- [WORK ORDER]
Print, from the listing below, the lines starting at the line containing "我们登录系统之后就已经打开了 图形终端,在图形终端中也给我们提供了一个可以用 linux" and ending at the line containing "Последний этап —", exactly as they stand, and print nothing else.

- [INFORMATION PROVIDED]
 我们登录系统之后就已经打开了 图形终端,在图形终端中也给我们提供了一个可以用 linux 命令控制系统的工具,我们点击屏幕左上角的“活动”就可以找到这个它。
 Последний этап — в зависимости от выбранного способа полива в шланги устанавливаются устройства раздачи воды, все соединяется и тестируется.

...

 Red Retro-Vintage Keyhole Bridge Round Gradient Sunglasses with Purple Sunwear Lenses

- [SOLUTION FOR THIS TASK]
 我们登录系统之后就已经打开了 图形终端,在图形终端中也给我们提供了一个可以用 linux 命令控制系统的工具,我们点击屏幕左上角的“活动”就可以找到这个它。
 Последний этап — в зависимости от выбранного способа полива в шланги устанавливаются устройства раздачи воды, все соединяется и тестируется.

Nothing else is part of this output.